Many rockets “burned”

But the problem appears to be constraining not only Russia’s automobile and armored industries, but also the makers of missiles, bombs, and cruise missiles. After all, modern guided missiles also require components such as chips so that they can reliably find their target. But stockpiles of these weapons are dwindling, as are Department of Defense officials always once again claim in conversations with journalists. The Russian army “burned” many precision-guided missiles during its airstrikes in Ukraine, they say. That’s why she has to use older, so-called “dumb bombs” more and more frequently – for example in Mariupol, where Russia has been bombing the steel works in which Ukrainian fighters have holed up for many weeks without success.

Unconfirmed Reports According to the production problems, the Ulyanovsk armaments factory in the city of the same name on the Volga is affected. Anti-aircraft missiles capable of intercepting enemy fighter planes and missiles have been produced there since the 1960s. At the moment, however, many production lines are standing still, if you are to believe your own employees. According to their statements, electronic components in the factory in particular “hardly ever come from Russia”. The vast majority should come from Germany instead. Since the beginning of the war, however, they have not been delivered because of the sanctions.

Industry “rusting away”

A report that former World Bank economist Branko Milanovic cannot confirm, but can explain: After the collapse of the Soviet Union, Russia focused its economy primarily on its natural resources and agriculture. Oil, gas, wheat and grain – Russia has that, Russia can do that. But industry and technology? That has been rusting away for 30 years, writes Milanovic in his blog. “Almost everything that is advanced depends on Western technology.”

Alena Epifanova sees it that way too. The Berlin political scientist examined for the German Society for Foreign Relations (DGAP) the Russian internet and technology policy. The Kremlin has invested a lot of money in online barriers and Internet censorship in recent years, she explained in the ntv podcast “Learned again” in March. The industry, which supplies important components for modern products, was not considered: “Russia is dependent on foreign key technologies,” she says – and estimates that it would take about 30 years to catch up.

Smuggling via Kazakhstan

An obstacle that the Russian leadership now seems to be aware of.
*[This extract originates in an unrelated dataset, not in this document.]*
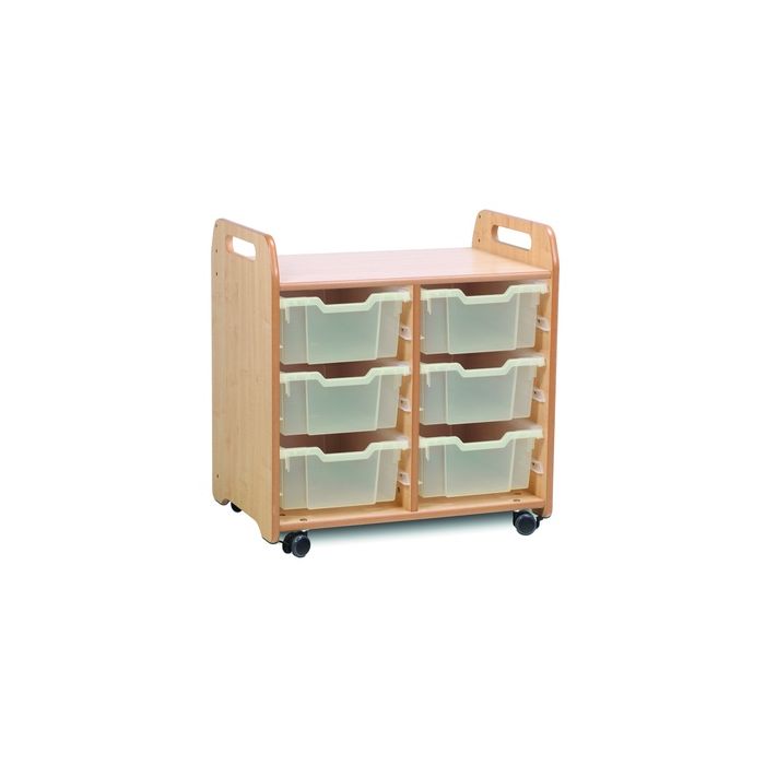 These tray storage units are made from a premium MDF core with clear lacquered edges. Units are designed with flexible runners to house different depths of trays, maximising storage options and allowing units to be easily reconfigured. The reverse of each unit features a loop nylon Velcro fabric that can be used for display and provides a more tactile surface for young children. Lockable castors are anti-scratch and low-noise. Supplied fully assembled with a 10 year manufacturer's warranty. ace for young children. W700 x D465 x H730mm. Delivery of this product will be to kerbside only. You will need to arrange for the product to be moved to its final location.
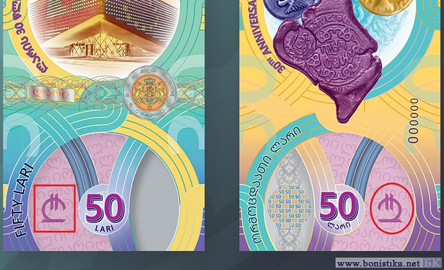 Возможно, символ лари изображён на прозрачном окне и тогда на противоположной стороне банкноты будет - зеркальное изображение.

In early may, the National news Agency of Ukraine (Ukrinform) reported that Russia is a partner of the Collective Security Treaty organization (CSTO) new production lines for important, also military components, which were missing due to western sanctions.

At the same time, the Ulyanovsk armaments factory is said to be trying to smuggle the urgently needed German components for its rockets into the country via Kazakhstan. According to previous, unconfirmed reports, not successful because of the production costs due to the new delivery route “increase significantly and would blow up the available budget”, as they say.

The conclusion is clear – at least in the eyes of Western war observers: the Russian military is in every respect significantly weaker than it was before the Ukraine invasion, the British Ministry of Defense recently coolly stated in another Intelligence update analyzed. The sanctions would exacerbate the problems. Regardless of the outcome of the war, the following applies: “Russia’s ability to deploy and deploy armed forces will be permanently impaired.”